The ending cash balance from one month is the beginning cash balance for the next month. All sales are not cash sales.
For Example, the amount if ending cash balance for November (cell C39) should be copied into cell D5, which is the beginning cash balance for December.
The 70,000 projected charge sales amount for the trade show in December should go in cell E9. All expenses are the same.
For the loan numbers, see the table above for principal and interest per month.
If you click on the link for cash flow analysis, you can see a completed cash flow analysis for the months of November through April for Bromley's Tuxedo rentals. It is absolutely imperative that you collect the money owed to you from sales at trade fairs. Failure to do so would negatively impact your cash flow. If you do not have sufficient cash to meet your expenses and loan obligations, you will go broke.
Create a cash flow analysis for your company. Use the template in the projects box.
Bromley's Formal Wear Cash Flow Projections
The procedure is basically the same for producing a cash flow statement for a merchandising business.
To help you with your own company's cash flow, you can click on "Cash Flow Analysis Template." Put in your company's numbers. Remember to include any additional expenses. Have your loan amortization schedule available for your loan to obtain interest and principal payments.
- Don't forget the business contract amount of 180,025.42.
- The contract for a merchandising business consists of two parts: salary expense and COGS amount.
- Look at the income statement for Bromley's Formal Wear to obtain the expenses.
- Purchases is a large expenditure each month. It is automatically calculated for you.
- Your cost of goods sold percentage should be entered into cell B2. To obtain amount of merchandise needed, this percentage is multiplied times total revenue.
- When you do your own company's cash flow analysis, don't forget to put in the amounts of projected sales from trade shows and open houses,internet sales, etc.
- Interest on the loan changes each month. Look at your table above for exact amounts for December-April.
- Currently most of our sales at trade fairs come from charge sales.
- We anticipate some cash sales from visitors, judges and others with virtu-cash.
After examining the cash flow analysis for Bromley's Formal Wear, there are a few cash flow problems. We do not have enough cash for February, March, April. We need to create more cash sales for these months. We need open houses, Internet sales or any other form of cash not charge sales.

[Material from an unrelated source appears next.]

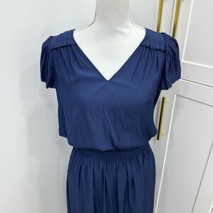 Ramy Brook Yassi Navy blue smock waist gorgeous dress Sz Small Petite sexy classic style V neck
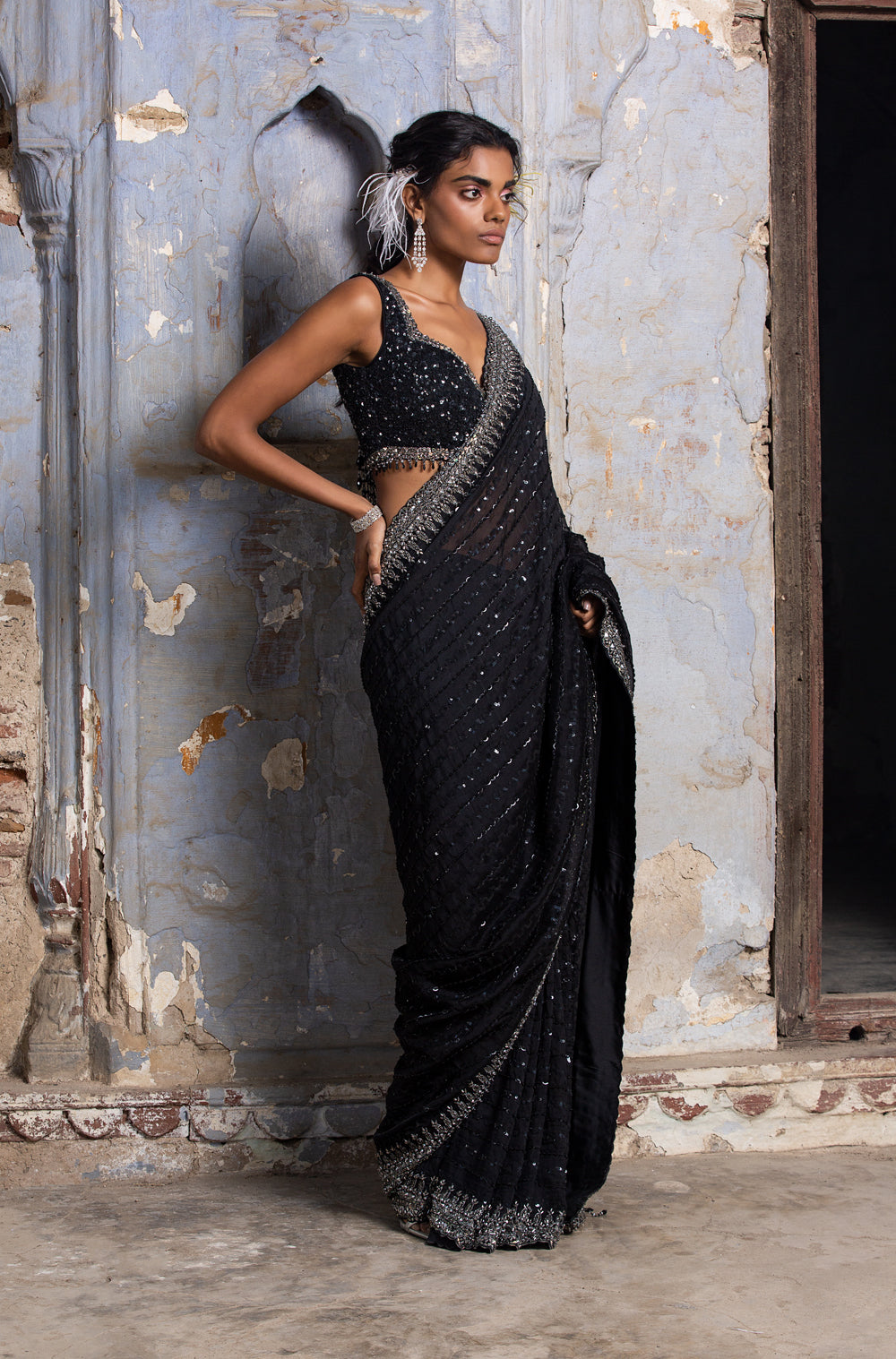 Black Organza Saree and blouse with metallic embroidery with tonal and silver sequins, beadwork, and crystals.

The revised cash flow analysis for the formal wear company includes extra cash sales for the months of Feb-$10,000, March-$15,000 and April-$10,000. Without these additional cash sales projections, they would run out of cash and not have enough to pay their bills. Another way to increase cash flow is to generate more charge sales at the trades shows. You can play with these numbers if you wish to get a new cash flow for Bromley's Formal Wear.
If cash sales are not increased for Bromley's Formal Wear, then amount of charge sales from trades shows must be increased to 100,000, 90,000, 125,000 in order to meet the cash requirements needed.
Importance of these reports
Break-even analysis, sales projections and cash flow analysis are critical to the decision making process in all companies. These numbers dictate to other departments how to proceed with the marketing efforts, and other organizational priorities. It is at this point, that changes in the business model need to be implemented if not enough net profit is generated and not enough cash on hand is available to cover existing expenses. Here is where the CFO needs to meet with the CEO and Marketing VP to decide if changes need to be made in the product line, pricing and advertising strategies, the importance of Internet sales, attendance at trade shows, planned open houses and grand openings.
Prepare a cash flow for your company. Use the template available to in the projects for the week box.